Re: How to reflect last hour data into Hive and Kylin Insights query window

Xiaoxiang Yu Wed, 22 Nov 2023 02:06:25 -0800

It is a good question, I can share some articles with you.

1. How to build a metric repository by Kylin to share among data teams (DA,
DS, AI), is that the usage of measure in Kylin?

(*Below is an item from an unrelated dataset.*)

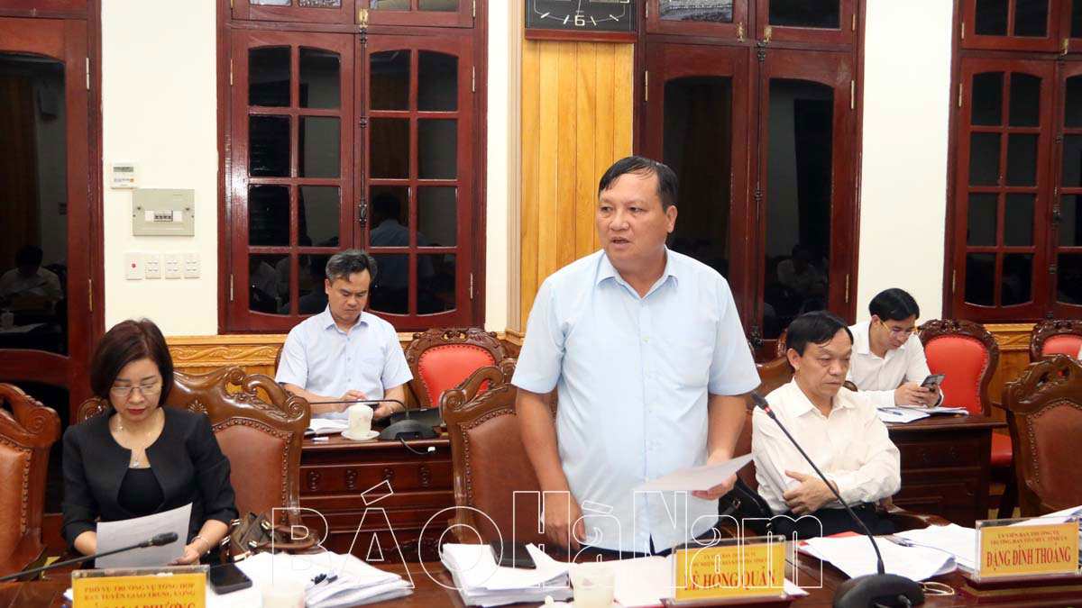 Ban cán sự Đảng UBND tỉnh báo cáo các nội dung xin ý kiến, chủ trương của BTV Tỉnh ủy để trình tại Kỳ họp chuyên đề HĐND tỉnh năm 2023, gồm: Định mức xây dựng dự toán kinh phí đối với nhiệm vụ khoa học và công nghệ có sử dụng ngân sách nhà nước trên địa bàn tỉnh Hà Nam; Chủ trương chuyển mục đích sử dụng rừng sang mục đích khác để thực hiện các dự án năm 2023 trên địa bàn tỉnh Hà Nam; Danh mục các dự án cần thu hồi đất, dự án chuyển mục đích sử dụng dưới 10 ha đất trồng lúa bổ sung năm 2023 trên địa bàn tỉnh Hà Nam; Quy hoạch tỉnh Hà Nam thời kỳ 2021-2030, tầm nhìn đến năm 2050; Hỗ trợ chi phí xét nghiệm Covid-19 trong phòng chống dịch năm 2021 trên địa bàn tỉnh Hà Nam; Miễn nhiệm, bầu bổ sung Ủy viên UBND tỉnh Hà Nam khóa XIX, nhiệm kỳ 2021 – 2026; Kéo dài thời gian bố trí vốn thực hiện dự án cho dự án xử lý chống sạt lở mái, thân đê tả Duy Tiên và chắn nước Hà Tây đoạn từ bể xả trạm bơm Bút đến K8+931,29 huyện Duy Tiên (nay là thị xã Duy Tiên); Giao kế hoạch đầu tư công năm 2023 do cấp tỉnh quản lý điều chỉnh các nội dung đã báo cáo Ban Chấp hành Đảng bộ tỉnh tại Hội nghị ngày 27/9/2023).

I think the metric repository(or metrics store) is actually which Kylin can
help. For example,
Beike(ke.com) did create an indicator/metrics platform whose backend is
Kylin. They created a metrics
store on the top of Kylin.

The architecture looks like this
https://mmbiz.qpic.cn/mmbiz_png/9xAoGyC249Kd9icMaNT1Gs7AlDAZic7PScYNCOkSQF8PqbuSLicoxhdk4w3kJtC0bms4FzW6iby08bNiaVsUzUkBPmg/640?wx_fmt=png&wxfrom=5&wx_lazy=1&wx_co=1


Here is technical article which wrote in Chinese about it(I am sorry this
is not translated):
 https://mp.weixin.qq.com/s/hsGjuaYfEfParcgTimBLnw


2. How to use Kylin for the Customer segmentation of Marketing dept?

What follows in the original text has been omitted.